Furthest-first inversion for internal consistency adjustments in the biogeochemical data product GLODAPv3

Abstract. The global ocean absorbs a significant portion of anthropogenic carbon dioxide (CO₂) emissions. Tracking the fate of absorbed CO₂ and its impacts requires an internally consistent global observational dataset spanning decades. In the Global Ocean Data Analysis Project (GLODAP), data from disparate research cruises are compared in a secondary quality-control process, adjusted for consistency where necessary and compiled into a data product.
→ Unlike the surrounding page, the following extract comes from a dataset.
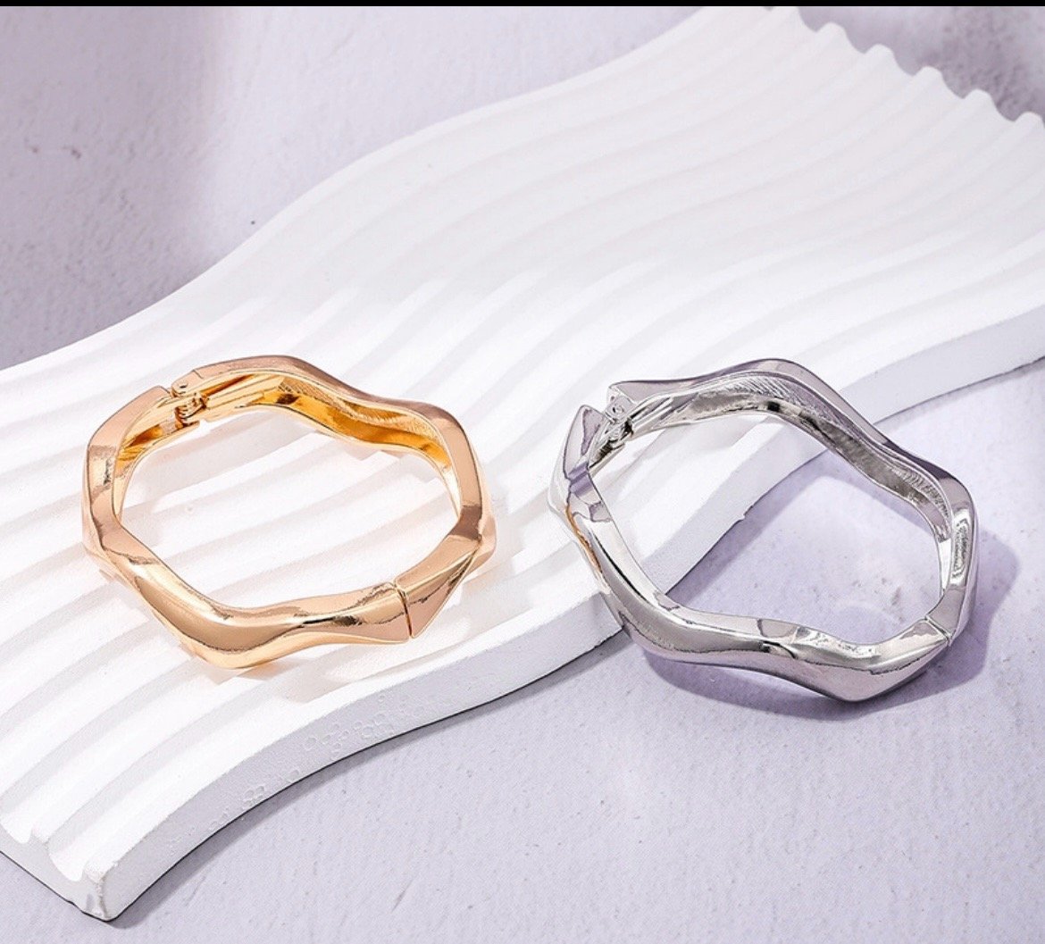 Remember that these bangles can be worn individually or stacked for a stylish look. Whether you choose silver or gold, these wave bangles will add an elegant touch to your outfit!

Differences between cruises are quantified with a crossover analysis, comparing data at depth (where natural variability is minimal) from nearby sampling stations, and an inversion algorithm calculates a set of adjustments that would minimise these differences globally. The adjustments are reviewed by an expert committee and a subset applied to produce the final data product. The previous major version (GLODAPv2) used a weighted least squares (WLSQ) approach for the inversion. However, several issues became apparent when applied to the GLODAPv3 dataset, primarily significant regional biases in calculated adjustments. To address these issues, a new inversion algorithm called furthest-first (FF) has been developed for use in GLODAPv3, which has been implemented in a freely available, open-source Python package (xover). Here, we describe the FF approach and test it on simulated datasets and by comparing it to WLSQ, finding that it produces accurate adjustments. We also show how the FF approach can be adapted (i) to avoid the regional biases that appear in WLSQ, (ii) to find an optimal set of adjustments accounting for the fact that some cruises will ultimately not be adjusted, and (iii) to approximately preserve selected trends in the cruise-by-cruise differences. Points (i) and (ii) above are addressed by a two-step variant of the approach denoted FF₂, which was applied in GLODAPv3.  While FF represents a marked improvement on WLSQ for the GLODAP application, no algorithm can completely replace the role of expert judgement in the inversion process, for example when selecting convergence criteria, which cruises are permitted to be adjusted, and which trends should be preserved.